Note: Links to docs will display an error until the docs builds have been completed.

This comment was automatically generated by Dr. CI and updates every 15 minutes.

namgyu-youn · 2025-09-16T09:02:44Z

Checkpoint:
https://huggingface.co/namgyu-youn/Qwen3-8B-SMOOTHQUANT-W8A8

jerryzh168 · 2025-09-18T00:59:57Z

.github/scripts/torchao_model_releases/README.md


-### AWQ-INT4
-[AWQ](https://arxiv.org/abs/2306.00978) is a technique to improve accuracy for weight only quantization.
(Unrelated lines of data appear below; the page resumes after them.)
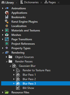 - In the Library duplicate the Blur Pass 2 render pass, rename it to Blur Pass 3, and drag it above the Blit Show render pass.
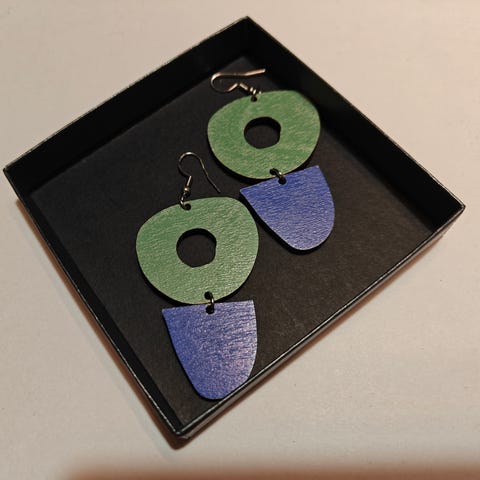 Korvakorut on maalattua koivuvaneria ja koukut terästä, jonka pitäisi sopia myös nikkeliallergikoille.
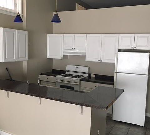 Upgraded Finishes Multi-Level Apartment with High 12'-0+ Ceilings Master with adjoining "Home Work Area" Kitchen with large Peninsula/seating Living Room/Kitchen/Dining - Open Plan Hardwood Floor and wall-to-wall Carpeting Large Bath Private Storage Area Central Laundry Located on major bus route Walking Distance to Local Shopping District On-Street Parking No Pets. No Smoking. Tenant responsible for Electric and Cable/Internet. Gas heat, trash removal and water by Landlord.
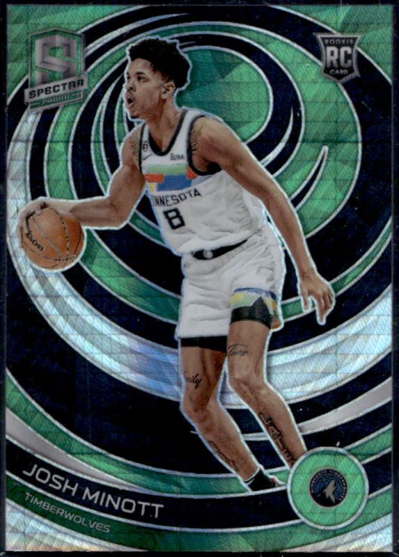 The Josh Minott 2022 Spectra #153 Asia Green Rookie card is 1 of 30 Josh Minott's card variations in the 2022 Spectra set being tracked by Sports Card Investor, including Base, Asia, Asia Black & White, Asia Red, and Menagerie.
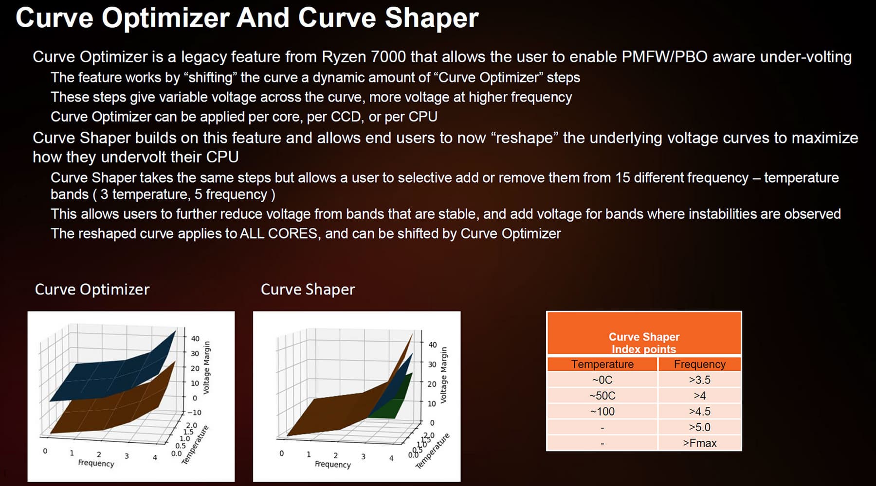 В целом же, разгон Ryzen 9 9950X довольно прост — из-за разблокированного множителя. Ручной разгон всех ядер позволяет запуск множества несложных рабочих нагрузок до частоты примерно 5,3 ГГц, но самые тяжелые приложения будут работать примерно до 5,2 ГГц для всех ядер, что неплохо. Разгон с использованием PBO и Curve Optimizer работает как и на старых моделях. Новая функция Curve Shaper позволяет динамически регулировать напряжение Curve Optimizer в зависимости от частоты и температуры. Температурный предел по умолчанию всё так же составляет 95 °C и не может быть повышен, но при включении ручного разгона составляет 115 °C, как и раньше.
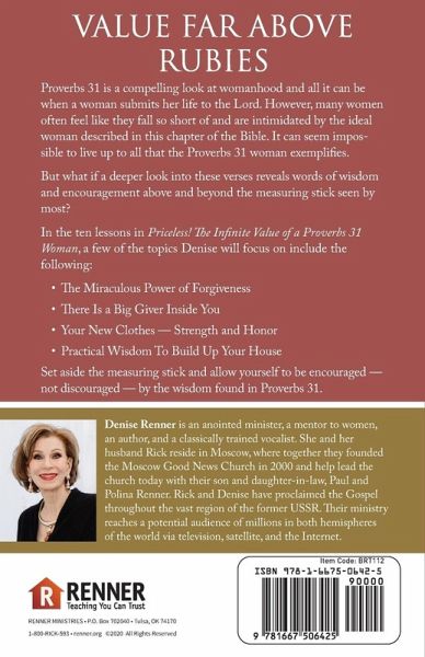 Value Far Above Rubies Proverbs 31 is a compelling look at womanhood and all it can be when a woman submits her life to the Lord. However, many women often feel like they fall so short of and are intimidated by the ideal woman described in this chapter of the Bible. It can seem impossible to live up to all that the Proverbs 31 woman exemplifies.¿¿ But what if a deeper look into these verses reveals words of wisdom and encouragement above and beyond the measuring stick seen by most? In the ten lessons in Priceless! The Infinite Value of a Proverbs 31 Woman, a few of the topics Denise will focus on include the following: The Miraculous Power of Forgiveness There Is a Big Giver Inside You Your New Clothes - Strength and Honor Practical Wisdom To Build Up Your House Set aside the measuring stick and allow yourself to be encouraged - not discouraged - by the wisdom found in Proverbs 31.
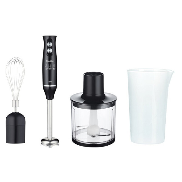 Блендер BlacktonHB732SS (макс. мощность 700 Вт, 2 скорости, объем мерного стакана 700 мл, объем чаши измельчителя 500 мл, импульсный режим работы, материал погружной части - нержавеющая сталь, материал лезвия - нержавеющая сталь, напряжение/частота тока - 220-240В, 50Гц, насадка-венчик, насадка-блендер, мерный стакан, чаша измельчителя с крышкой).
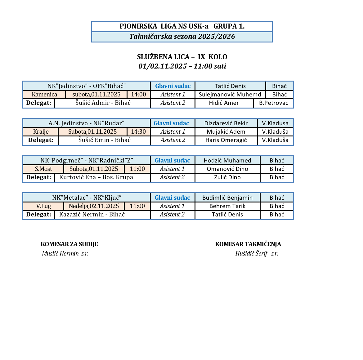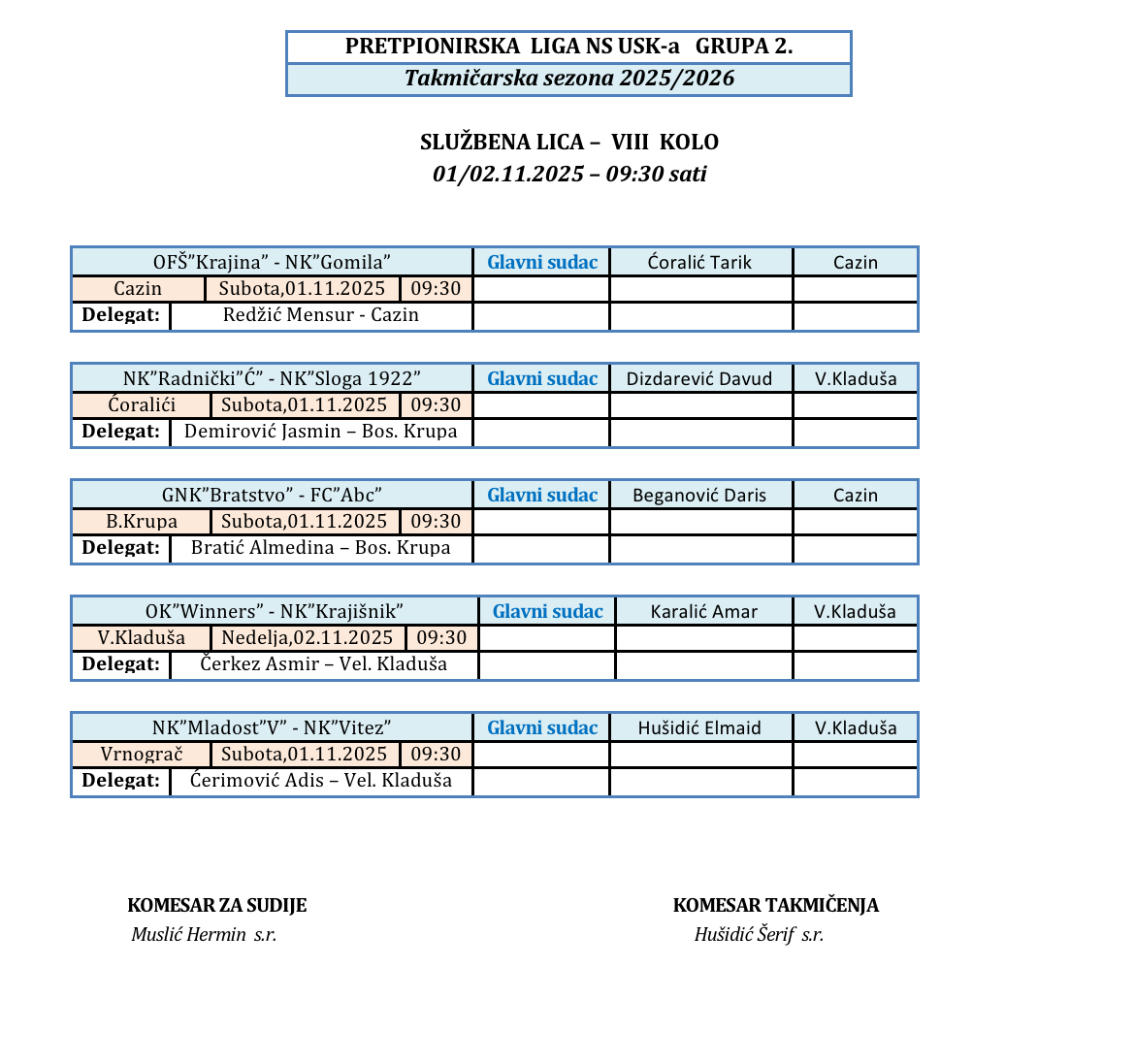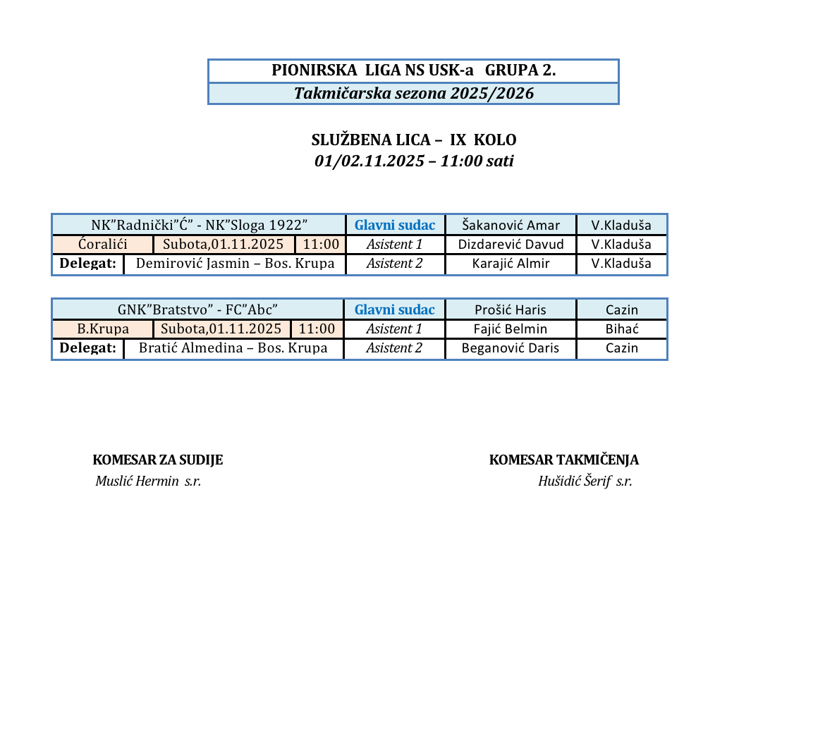 Nalozi službenih lica Kantonalna i Omladinska liga 2025/2026
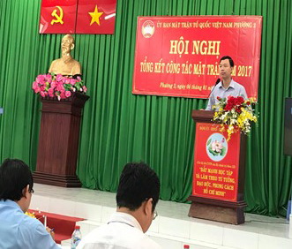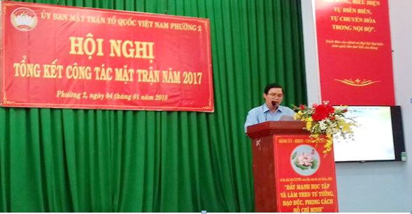 Ông Lê Thanh Tú - Ủy viên Ban Thường vụ Đảng ủy, Chủ tịch Ủy ban Mặt trận Tổ quốc Việt Nam Phường 2 thay mặt Ban Thường trực Ủy ban Mặt trận Tổ quốc Việt Nam Phường 2 trình bày báo cáo công tác Mặt trận năm 2017 và triển khai Chương trình công tác Mặt trận năm 2018. Trong năm 2017, Mặt trận Tổ quốc Việt Nam Phường 2 luôn là nòng cốt trong việc xây dựng và củng cố khối đoàn kết toàn dân; phát động nhân dân thực hiện phong trào thi đua yêu nước trong lao động, sản xuất, kinh doanh, giảm nghèo bền vững, bảo vệ an ninh chính trị, trật tự an toàn xã hội…Các phong trào, các cuộc vận động tại địa phương đã và đang đưa lại hiệu quả thiết thực như: Cuộc vận động “Toàn dân đoàn kết xây dựng nông thôn mới, đô thị văn minh”; Cuộc vận động “Vì người nghèo” như: vận động nhân dân đóng góp quỹ “Vì người nghèo”vượt chỉ tiêu quận giao, sửa chữa chống dột cho hộ nghèo; chăm lo học bổng Nguyễn Hữu Thọ; vận động nhân dân đóng góp quỹ “Vì biển, đảo quê hương - Vì tuyến đầu Tổ quốc”, đóng góp ủng hộ đồng bào Miền Bắc, Miền Trung bị thiên tai, bão lũ; phong trào “3 tiết kiệm, 3 tương trợ”, hộ khá giúp hộ khó khăn, vận động chủ nhà trọ không tăng tiền thuê nhà đối với học sinh, sinh viên, công nhân lao động, không tăng giá điện, nước quá mức định, vận động nhân dân đóng góp kinh phí nâng cấp hẻm, lắp đặt Camera an ninh, thực hiện công tác giám sát theo Quyết định 217-QĐ/TW của Bộ Chính trị,...Qua đó đã góp phần đảm bảo an sinh xã hội, giữ vững an ninh chính trị, xây dựng Đảng, xây dựng Chính quyền trong sạch, vững mạnh, phát triển kinh tế - văn hóa - xã hội tại địa phương.

It improves accuracy by preserving "salient" weight channels that has high impact on the accuracy of output, through multiplying the weight channel by a scale, and do the reverse for the correspnoding activation, since activation is not quantized, there is no additional loss from activation, while the quantization loss from weight can be reduced.
+### SMOOTHQUANT-W8A8 & AWQ-INT4


can you add a separate section for smoothquant?

Yes, separating them and linking them seems better.

jerryzh168 · 2025-09-22T17:45:53Z

.github/scripts/torchao_model_releases/quantize_and_upload.py

                "model.embed_tokens": _int8_int4_embedding_config,
            }
        ),
+        "SMOOTHQUANT-W8A8": Int8DynamicActivationInt8WeightConfig(),


to standardize on naming, this should be: SmoothQuant-INT8-INT8 I think

Thanks for correcting it; I missed the standard name in this script.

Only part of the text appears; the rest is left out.